What is V₀ in enzyme kinetics?

The initial rate/initial velocity of product formation (measured at the start, before significant product builds up).

Why is the step ES → E + P treated as irreversible in Michaelis–Menten kinetics?

Measurements are taken under initial velocity conditions, where:

• [P] ≈ 0 (no product has accumulated yet)

• The reverse reaction (E + P → ES) is negligible

• Therefore, ES proceeds forward to form product

What is k_cat?

The turnover number: max catalytic activity; # of substrate molecules converted to product per enzyme per unit time at substrate saturating conditions [S].

What is the relationship between k₂ and k_cat?

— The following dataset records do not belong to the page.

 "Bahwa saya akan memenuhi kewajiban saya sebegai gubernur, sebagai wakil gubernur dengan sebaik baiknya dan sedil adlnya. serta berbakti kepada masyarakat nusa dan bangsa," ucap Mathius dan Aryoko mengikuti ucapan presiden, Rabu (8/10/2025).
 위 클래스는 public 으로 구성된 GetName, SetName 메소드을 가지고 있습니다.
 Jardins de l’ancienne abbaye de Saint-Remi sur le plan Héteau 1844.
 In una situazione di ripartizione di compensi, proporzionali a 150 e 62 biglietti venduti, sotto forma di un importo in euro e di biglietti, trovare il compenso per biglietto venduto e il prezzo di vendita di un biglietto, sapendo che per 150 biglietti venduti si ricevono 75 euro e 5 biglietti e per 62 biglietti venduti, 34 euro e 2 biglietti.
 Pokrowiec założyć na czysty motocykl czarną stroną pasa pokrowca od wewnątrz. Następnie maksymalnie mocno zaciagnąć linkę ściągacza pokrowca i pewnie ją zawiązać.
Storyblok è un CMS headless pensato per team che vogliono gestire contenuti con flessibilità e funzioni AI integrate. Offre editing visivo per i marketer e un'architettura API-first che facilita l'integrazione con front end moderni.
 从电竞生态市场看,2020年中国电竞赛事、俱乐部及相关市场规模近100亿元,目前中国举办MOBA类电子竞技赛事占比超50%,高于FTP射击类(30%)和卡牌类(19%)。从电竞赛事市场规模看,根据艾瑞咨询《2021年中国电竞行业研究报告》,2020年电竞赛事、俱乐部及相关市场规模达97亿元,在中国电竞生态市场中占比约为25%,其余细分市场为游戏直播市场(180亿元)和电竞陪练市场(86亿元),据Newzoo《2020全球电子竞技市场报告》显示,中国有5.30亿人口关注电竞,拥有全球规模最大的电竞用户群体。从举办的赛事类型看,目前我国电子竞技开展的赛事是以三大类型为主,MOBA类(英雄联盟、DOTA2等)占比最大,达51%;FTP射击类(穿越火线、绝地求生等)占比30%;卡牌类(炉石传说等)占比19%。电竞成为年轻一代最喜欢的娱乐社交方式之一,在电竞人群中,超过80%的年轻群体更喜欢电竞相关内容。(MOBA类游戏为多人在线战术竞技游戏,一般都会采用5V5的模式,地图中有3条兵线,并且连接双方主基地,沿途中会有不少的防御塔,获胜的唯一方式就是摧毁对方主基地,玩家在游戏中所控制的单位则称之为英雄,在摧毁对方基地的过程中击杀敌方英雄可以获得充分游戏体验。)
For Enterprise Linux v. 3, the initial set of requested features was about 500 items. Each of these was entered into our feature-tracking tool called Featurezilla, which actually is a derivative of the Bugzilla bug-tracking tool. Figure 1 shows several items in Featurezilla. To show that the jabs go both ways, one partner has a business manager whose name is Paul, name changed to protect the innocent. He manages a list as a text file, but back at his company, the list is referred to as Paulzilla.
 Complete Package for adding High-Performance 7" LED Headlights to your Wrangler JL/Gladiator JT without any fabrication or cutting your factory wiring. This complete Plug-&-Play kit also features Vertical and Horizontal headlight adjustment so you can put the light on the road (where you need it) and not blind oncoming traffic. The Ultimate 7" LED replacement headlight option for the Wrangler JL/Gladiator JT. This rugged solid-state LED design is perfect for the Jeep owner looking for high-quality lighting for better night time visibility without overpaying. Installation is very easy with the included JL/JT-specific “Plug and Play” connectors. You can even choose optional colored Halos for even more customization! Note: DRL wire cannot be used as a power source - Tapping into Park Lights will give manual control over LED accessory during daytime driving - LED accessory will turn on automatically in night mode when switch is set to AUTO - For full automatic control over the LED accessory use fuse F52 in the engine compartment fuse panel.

k₂ = k_cat (used interchangeably).

What does V_max represent?

The maximum velocity achieved at very high (effectively infinite) substrate concentration.

What is K_m on a Michaelis–Menten plot?

The Michaelis–Menten (M–M) constant; K_m is the [S] where V₀ = 0.5 Vmax

What does K_m measure about enzyme–substrate interaction?

A measure of affinity: lower K_m = tighter substrate binding (higher affinity).

Steady state assumption (what becomes constant?)

After a short time, [ES] is effectively constant (steady state), so d[ES]/dt ≈ 0.

What does k_cat/K_m represent physically?

Specificity constant: Equivalent to the rate constant for the reaction between free enzyme and free substrate; a measure of enzyme efficiency.

What’s the diffusion-controlled upper limit for k_cat/K_m? And what are those enzymes called?

~10⁸–10⁹ M⁻¹ s⁻¹; “Almost perfect catalysts” (diffusion-limited).

Enzymes with kcat/Km near 10⁸–10⁹ M⁻¹ s⁻¹ are called what?

“Almost perfect catalysts” (diffusion-limited).

What is a double reciprocal (Lineweaver–Burk) plot?

A plot of 1/V₀ vs 1/[S] that yields a straight line.

What are the units of k_cat?

s⁻¹

What are the units of K_m?

Concentration (M), because substrate is reported as a concentration.